-- Material for this exercise follows --

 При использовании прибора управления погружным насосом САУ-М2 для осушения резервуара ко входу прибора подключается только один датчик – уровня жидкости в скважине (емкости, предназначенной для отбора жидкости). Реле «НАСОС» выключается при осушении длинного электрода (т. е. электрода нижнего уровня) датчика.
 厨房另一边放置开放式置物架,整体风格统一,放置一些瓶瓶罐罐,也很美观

-- Material for this exercise concluded --
-- Material for this exercise follows --

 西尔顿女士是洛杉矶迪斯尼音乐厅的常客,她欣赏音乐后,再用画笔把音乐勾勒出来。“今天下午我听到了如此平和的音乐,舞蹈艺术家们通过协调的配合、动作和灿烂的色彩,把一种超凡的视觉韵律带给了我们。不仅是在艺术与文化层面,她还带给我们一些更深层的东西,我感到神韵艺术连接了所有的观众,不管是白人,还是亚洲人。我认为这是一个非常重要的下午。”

-- Material for this exercise concluded --
-- Material for this exercise follows --

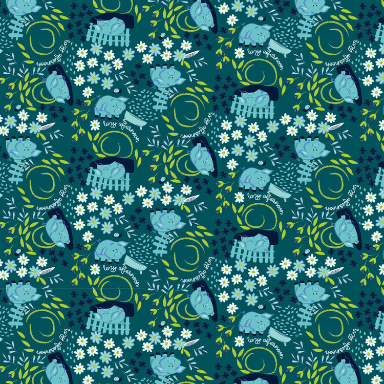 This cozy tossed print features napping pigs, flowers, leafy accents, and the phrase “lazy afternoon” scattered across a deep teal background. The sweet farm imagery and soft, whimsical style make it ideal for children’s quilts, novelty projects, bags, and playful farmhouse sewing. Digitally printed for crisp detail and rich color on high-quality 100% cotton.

-- Material for this exercise concluded --

Starting at the line above that contains "При использовании прибора", write out each line exactly until the line that contains "厨房另一边放置开放式置物架,整体风格统一,放置一些瓶瓶罐罐,也很美观" has been written, and stop there.

### Answer
 При использовании прибора управления погружным насосом САУ-М2 для осушения резервуара ко входу прибора подключается только один датчик – уровня жидкости в скважине (емкости, предназначенной для отбора жидкости). Реле «НАСОС» выключается при осушении длинного электрода (т. е. электрода нижнего уровня) датчика.
 厨房另一边放置开放式置物架,整体风格统一,放置一些瓶瓶罐罐,也很美观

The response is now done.